Другая сторона дела – это отход Брентано от субстанционалистских основ учения о душе, создание новой концепции сознания – уже на стадии I тома «Психологии с эмпирической точки зрения». (Только его, заметим, мог принять в расчет Гуссерль, когда писал ФА.) Не вдаваясь в сложные споры специалистов по этому вопросу, в том числе в исследование эволюции взглядов Брентано, отметим лишь отдельные важные моменты, характеризующие причины и суть отхода от аристотелевского «субстанциализма души». Правда, и здесь имели место колебания: Брентано то говорил, что «души нет, по крайней мере для нас, психологов» («Психология…», т. I. S. 16), то снова давал такие определения: «Психология – наука о жизни души человека» – в лекциях «Дескриптивная психология», 1982. S. 1; психология – «учение о душе» – там же. S. 156 (См. D. Münch. S. 58). Но новое понимание пролагало себе дорогу. Брентано все чаще забывал об устаревшем, с его же точки зрения, субстанциалистском понятии души и связывал судьбу психологии именно с понятием психического феномена.
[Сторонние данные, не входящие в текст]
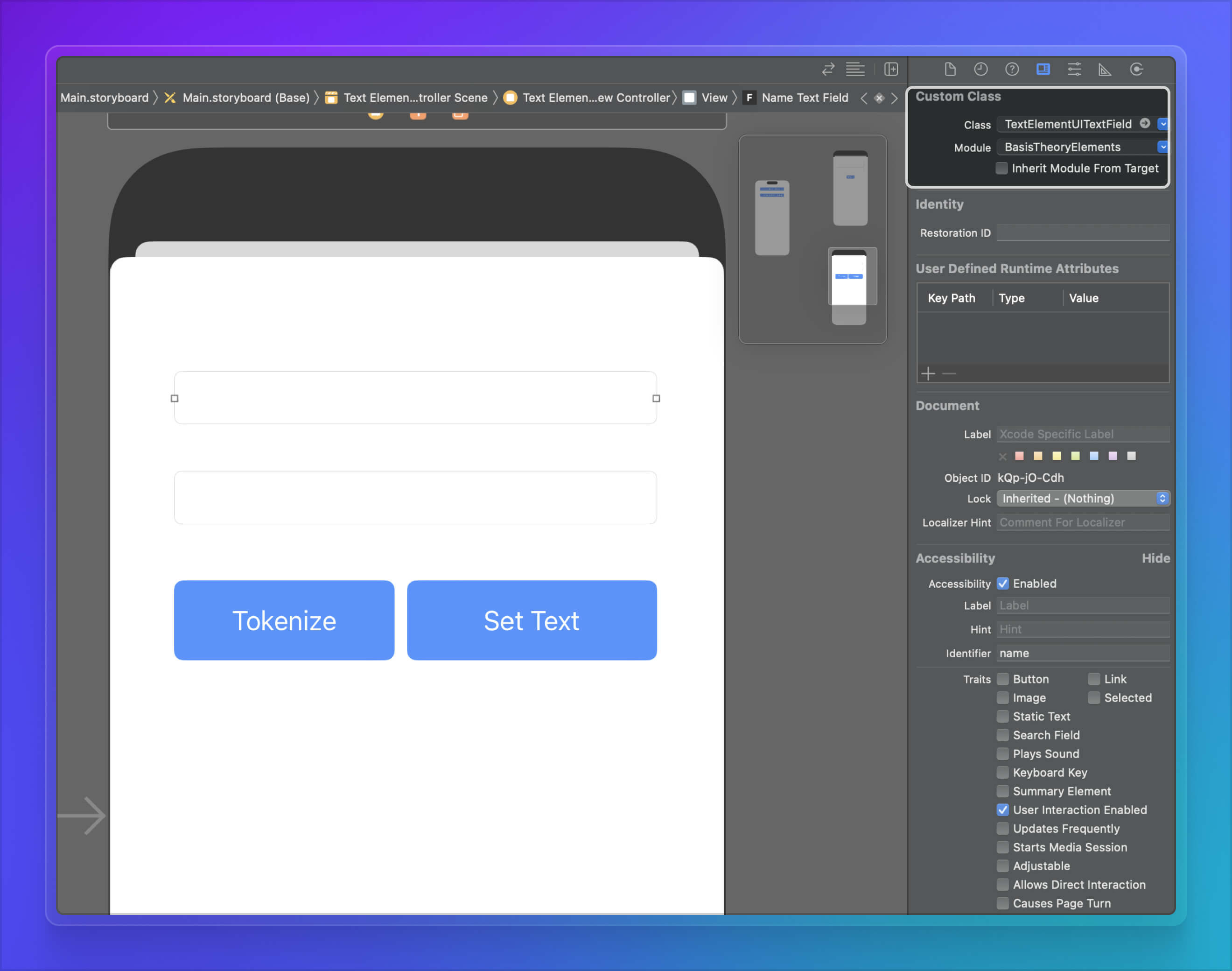 To initialize our elements, you’ll need to set a custom class on each of the UITextField

Специалисты считают, что на уточнение позиции Брентано повлияли два обстоятельства. Первое из них – интерес тогдашней психологии в целом к маргинальным (по отношению к нормальному взрослому человеку) темам: к психике детей, слепорожденных, душевнобольных, людей особых творческих дарований или, наоборот, преступных наклонностей, а также к зачаткам сознания у животных.[88] У раннего Брентано нет однозначного отношения к этим исследованиям и их значению для психологии. И всё-таки побеждает та точка зрения, согласно которой, для центральных, типичных исследований дескриптивной психологии характерно внимание не к этим маргинальным темам, а к «нормальным и достаточно развитым, следовательно, по природе специфически присущих человеческим индивидам» (Deskriptive Psychologie, 1982. S. 37). Это не означает призыва к пренебрежению такими исследованиями, а подразумевает только то, что психология в исходных и центральных методах своей работы отвлекается (т. е. отдает на откуп соответствующим специалистам – у Брентано уже в «Психологии…» есть термин «психология животных») темы генетического характера (онто– и филогенетические) и всё, связанное с отклонениями от некоторых (конечно, условных и подвижных) норм.
Речь идет об установке, которой имплицитно или эксплицитно издавна руководствовались и сегодня руководствуются исследователи сознания – философы-гносеологи, логики, психологи. Теперь можно сказать: также Гуссерль и феноменологи гуссерлевского направления. Ибо та же ориентация на «нормальное» сознание имеет место и в феноменологии, ранней и поздней, и в ещё дофеноменологических исследованиях Гуссерля. В ФА её автор, не особенно вдаваясь в эту проблематику, фактически имеет дело с сознанием «нормальным», с сознанием не ребенка, а (относительно) зрелого человека. Историко-генетические аспекты иногда всплывают, но именно маргинально, в ссылках (они тоже интересны, о чем при конкретном рассмотрении ФА будет идти речь). Подобная же установка сохранится в феноменологии – раннего, среднего и позднего периода, с той существенной оговоркой, что впоследствии появится внутреннее уточнение, различение между «статической» и «генетической» феноменологией, причем характер и специфика «генезиса» в каждом случае будет специально, эксплицитно определяться.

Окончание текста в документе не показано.